Mado nous ramène pour finir du côté du récit : "On dirait que je suis morte." Mado et François, pour pouvoir supporter cette reconstitution, se détachent de celle-ci. Ce dont il est question ne les concerne plus (3).

Notes

1. "For some reason the telescreen in the living room was in an unusual position. Instead of being placed, as was normal, in the end wall, where it could command the whole room, it was in the longer wall, opposite the window. To one side of it there was a shallow alcove in which Winston was now sitting, and which, when the flats were built, had probably been intended to hold bookshelves. By sitting in the alcove, and keeping well back, Winston was able to remain outside the range of the telescreen, so far as sight went." Aujourd’hui, certaines caméras de surveillance sont programmées de telle façon qu’elles peuvent détecter certains comportements inhabituels.

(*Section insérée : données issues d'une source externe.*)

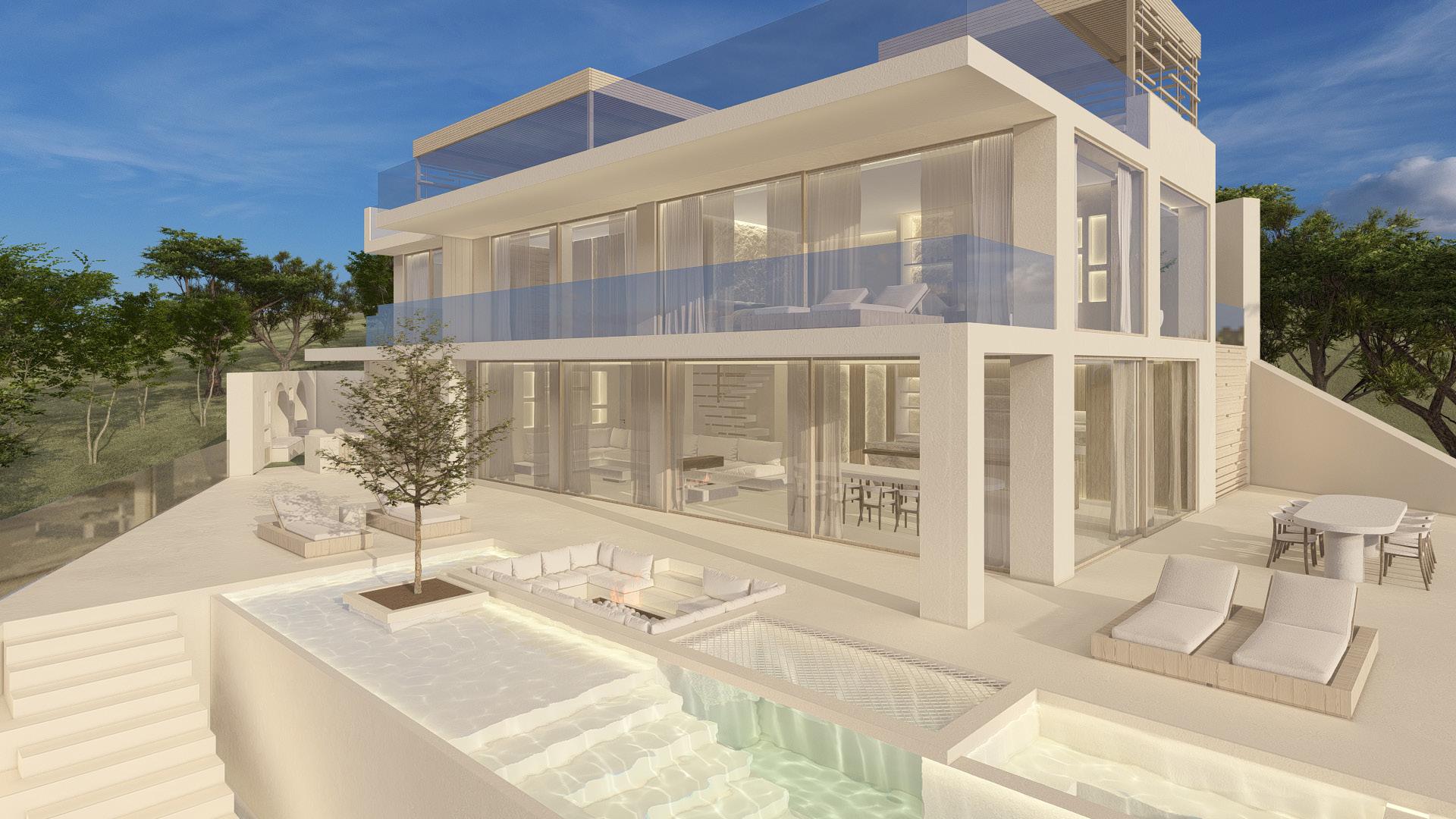 Total refurbishment of two floors, a rooftop terrace with a jacuzzi and outdoor kitchen, a pool and terrace, a gym, a garage, and a spa.

2. S'agit-il ici d'une transition hétérogène du "deuxième degré", du récit vers le commentaire et de la prospection vers la rétrospection ? Weinrich parle dans ce cas-là de "métaphore temporelle". Toute métaphore se définit comme signe linguistique (les personnages) pris dans un contexte inattendu, contre-déterminant (la reconstitution). Ces transitions "hétérogènes" sont rares et surprenantes. Elles font la richesse des textes.
3. La reconstitution s'appuie sur un récit. Mais celui-ci est encadré par du commentaire. Le jeu est faussé comme quand Mado se laisse filmer par la caméra de surveillance.